# AVAILABLE RECORDS:
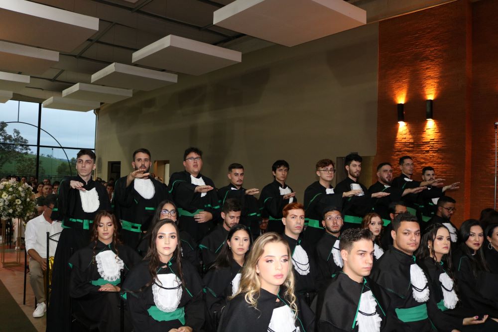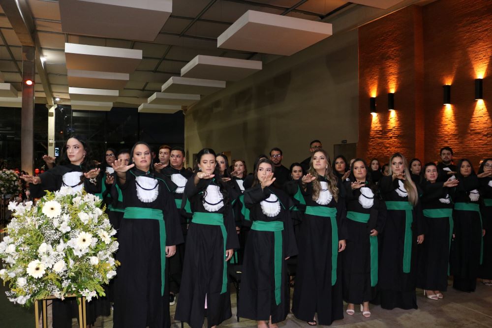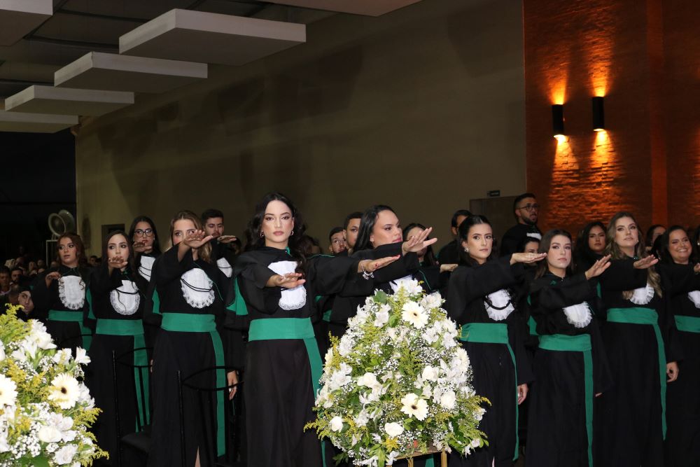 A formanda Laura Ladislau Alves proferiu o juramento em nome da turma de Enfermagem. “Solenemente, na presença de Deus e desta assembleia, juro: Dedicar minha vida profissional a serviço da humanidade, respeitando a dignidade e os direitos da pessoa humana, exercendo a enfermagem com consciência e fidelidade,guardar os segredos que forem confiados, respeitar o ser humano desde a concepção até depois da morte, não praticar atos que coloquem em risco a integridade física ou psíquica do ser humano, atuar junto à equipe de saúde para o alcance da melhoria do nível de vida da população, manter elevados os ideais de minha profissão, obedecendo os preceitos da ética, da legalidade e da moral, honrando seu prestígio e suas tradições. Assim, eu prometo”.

* * *

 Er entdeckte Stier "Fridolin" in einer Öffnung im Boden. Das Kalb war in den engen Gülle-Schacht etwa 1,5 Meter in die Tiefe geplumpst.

---

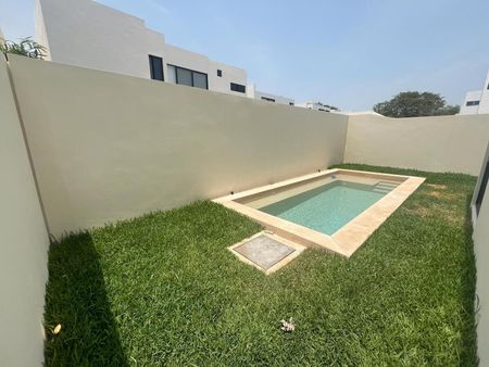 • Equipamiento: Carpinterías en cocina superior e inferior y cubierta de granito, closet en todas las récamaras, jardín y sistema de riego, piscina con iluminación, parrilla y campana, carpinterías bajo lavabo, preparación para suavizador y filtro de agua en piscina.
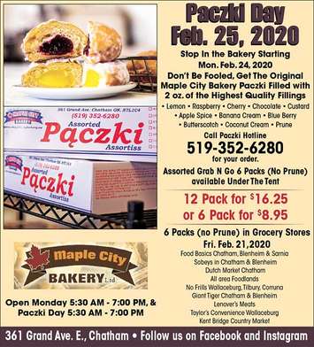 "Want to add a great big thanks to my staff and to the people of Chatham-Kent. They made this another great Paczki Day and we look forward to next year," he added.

# WHAT YOU NEED TO DO:
From the material above, give again exactly the lines from the one that contains "agua en piscina." through the one that contains "add a great", and leave out the pictures.

# OUTPUT OF THE TASK:
 • Equipamiento: Carpinterías en cocina superior e inferior y cubierta de granito, closet en todas las récamaras, jardín y sistema de riego, piscina con iluminación, parrilla y campana, carpinterías bajo lavabo, preparación para suavizador y filtro de agua en piscina.
 "Want to add a great big thanks to my staff and to the people of Chatham-Kent. They made this another great Paczki Day and we look forward to next year," he added.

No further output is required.